● WORK ORDER
Beginning with the line that contains "Leuchtende Elefant-Silhouette, ein", reproduce the remaining lines of the material exactly, up to and including the last one, but no pictures.
■ ■ ■
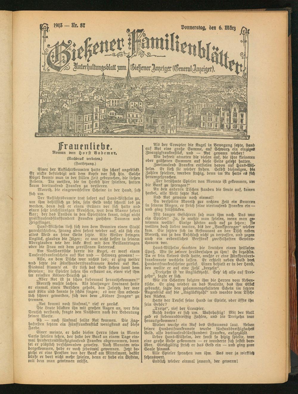 Der Aufsichtsbeamte trat sofort auf Hans-Wilhelm zu, um ihm behilflich zu sein, sein Geld recht schnell los zu werden, denn daß er einen Grünen vor sich hatte und einen sehr leichtsinnigen Menschen, war dem Manne sofort klar; der das Treiben in den Spielsälen kennt, trägt nicht Kwölftausendfünshundert Franken zwischen Daumen und Zeigefinger.
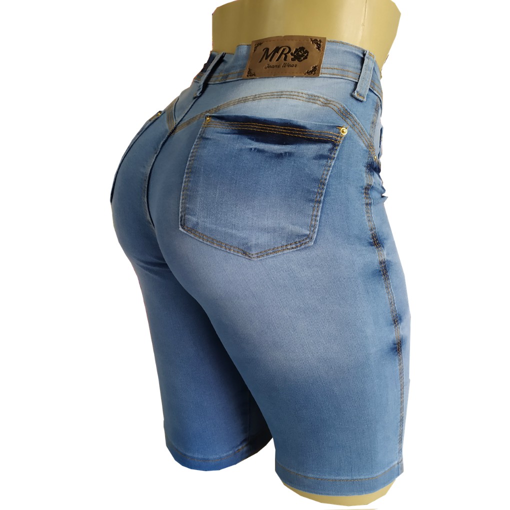 Bermuda Feminina Ciclista Jeans Lycra Ate O Joelho
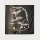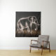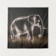Leuchtende Elefant-Silhouette, ein Foto einer Silhouette eines leuchtenden Elefanten. Der Körper des Elefanten wird beleuchtet, wobei das Licht die majestätische Höhe seines Kofferraums und den Bogen seines Rückens hervorhebt. Der Elefant ist in einem Feld von großen Gräsern stehend, die ebenfalls beleuchtet werden. Der Hintergrund ist schwarz. Die Beleuchtung schafft ein Gefühl von Pracht.
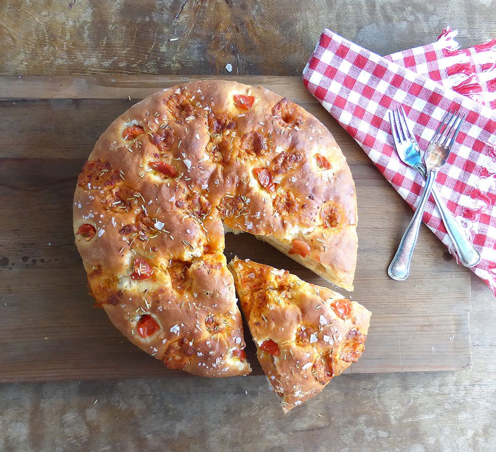 Monterey Pepper Jack Spelt Focaccia Bread (with Tomatoes and Rosemary)
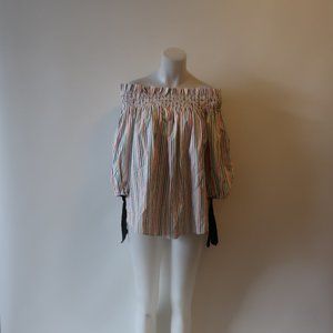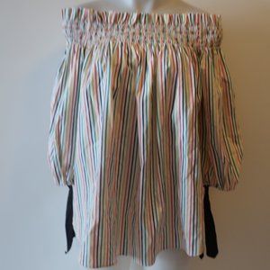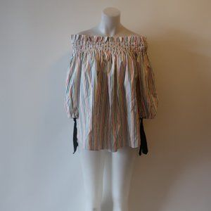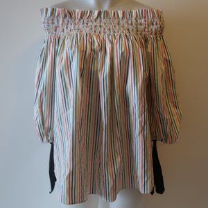 WOMENS CAROLINE CONSTAS MULTICOLOR OFF SHOULDER STRIPED TOP L
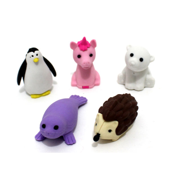Borradores mini de figuras de animales. Cada borrador viene empacado individualmente.
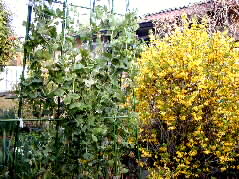| In my garden, Forsythia is in full bloom now, competing the height with Tutankhamen Pea. Both of them are now higher than me (151 cm, 5 ft.) | ![]() |
■ ■ ■
● OUTPUT OF THE TASK
Leuchtende Elefant-Silhouette, ein Foto einer Silhouette eines leuchtenden Elefanten. Der Körper des Elefanten wird beleuchtet, wobei das Licht die majestätische Höhe seines Kofferraums und den Bogen seines Rückens hervorhebt. Der Elefant ist in einem Feld von großen Gräsern stehend, die ebenfalls beleuchtet werden. Der Hintergrund ist schwarz. Die Beleuchtung schafft ein Gefühl von Pracht.
 Monterey Pepper Jack Spelt Focaccia Bread (with Tomatoes and Rosemary)
 WOMENS CAROLINE CONSTAS MULTICOLOR OFF SHOULDER STRIPED TOP L
Borradores mini de figuras de animales. Cada borrador viene empacado individualmente.
| In my garden, Forsythia is in full bloom now, competing the height with Tutankhamen Pea. Both of them are now higher than me (151 cm, 5 ft.) | ![]() |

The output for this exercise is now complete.